***** RECORDS SUPPLIED *****

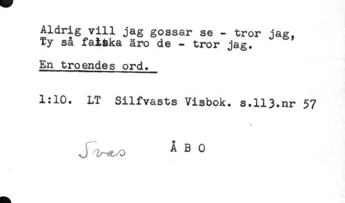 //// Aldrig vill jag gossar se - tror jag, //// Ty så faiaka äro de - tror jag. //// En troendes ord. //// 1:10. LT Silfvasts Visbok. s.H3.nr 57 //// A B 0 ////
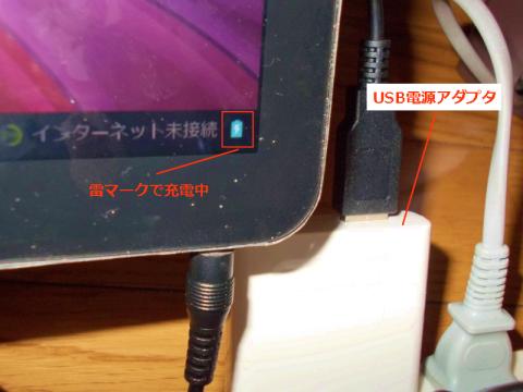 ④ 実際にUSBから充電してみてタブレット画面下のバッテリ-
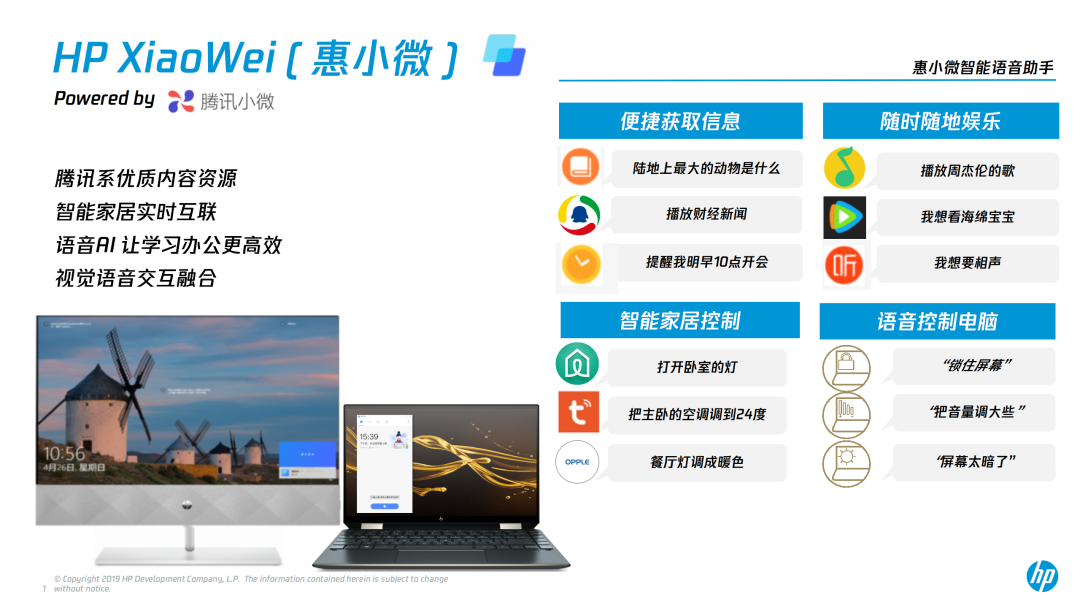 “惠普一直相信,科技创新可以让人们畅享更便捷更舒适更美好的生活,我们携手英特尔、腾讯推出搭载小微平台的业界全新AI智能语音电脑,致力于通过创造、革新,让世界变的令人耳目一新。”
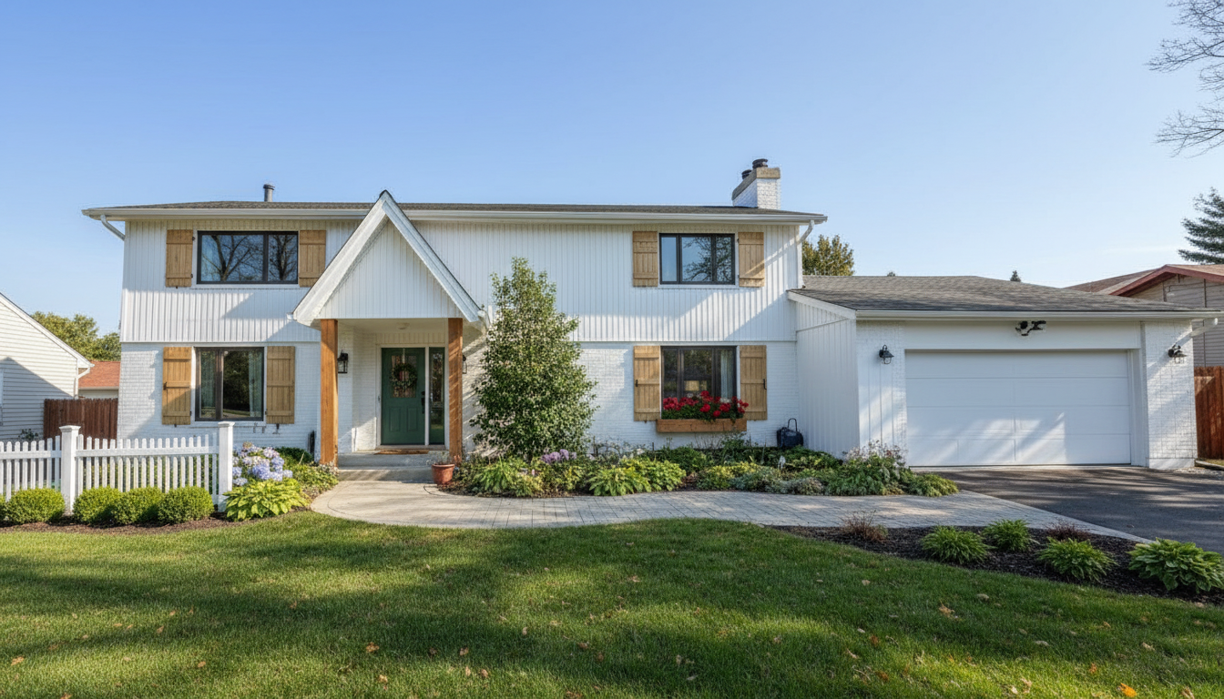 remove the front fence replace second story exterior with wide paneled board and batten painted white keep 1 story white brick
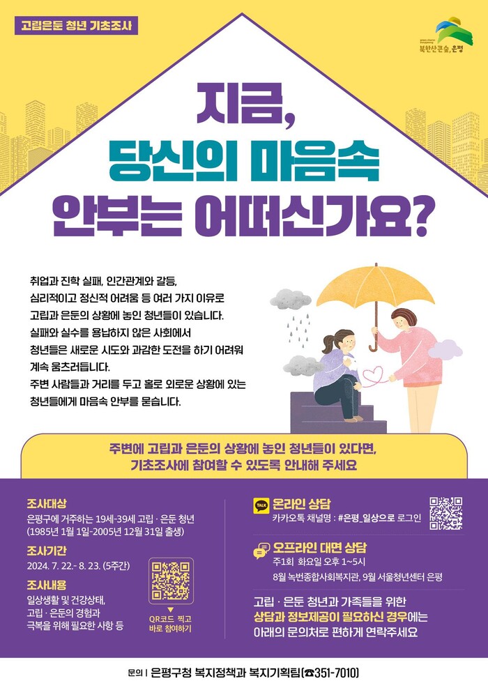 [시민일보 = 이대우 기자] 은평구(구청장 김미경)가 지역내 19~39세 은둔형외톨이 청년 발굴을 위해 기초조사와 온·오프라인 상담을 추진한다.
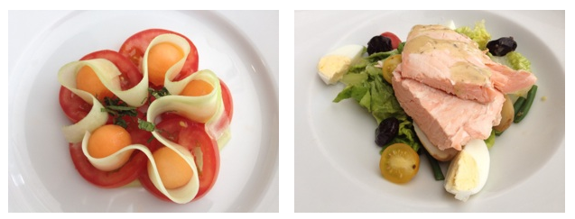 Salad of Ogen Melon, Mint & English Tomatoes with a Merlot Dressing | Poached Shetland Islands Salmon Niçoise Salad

*****

* WHAT YOU HAVE TO DO
A verbatim copy of the entries, stripped of pictures, should be produced.

* RESPONSE TO THIS EXERCISE
 //// Aldrig vill jag gossar se - tror jag, //// Ty så faiaka äro de - tror jag. //// En troendes ord. //// 1:10. LT Silfvasts Visbok. s.H3.nr 57 //// A B 0 ////
 ④ 実際にUSBから充電してみてタブレット画面下のバッテリ-
 “惠普一直相信,科技创新可以让人们畅享更便捷更舒适更美好的生活,我们携手英特尔、腾讯推出搭载小微平台的业界全新AI智能语音电脑,致力于通过创造、革新,让世界变的令人耳目一新。”
 remove the front fence replace second story exterior with wide paneled board and batten painted white keep 1 story white brick
 [시민일보 = 이대우 기자] 은평구(구청장 김미경)가 지역내 19~39세 은둔형외톨이 청년 발굴을 위해 기초조사와 온·오프라인 상담을 추진한다.
 Salad of Ogen Melon, Mint & English Tomatoes with a Merlot Dressing | Poached Shetland Islands Salmon Niçoise Salad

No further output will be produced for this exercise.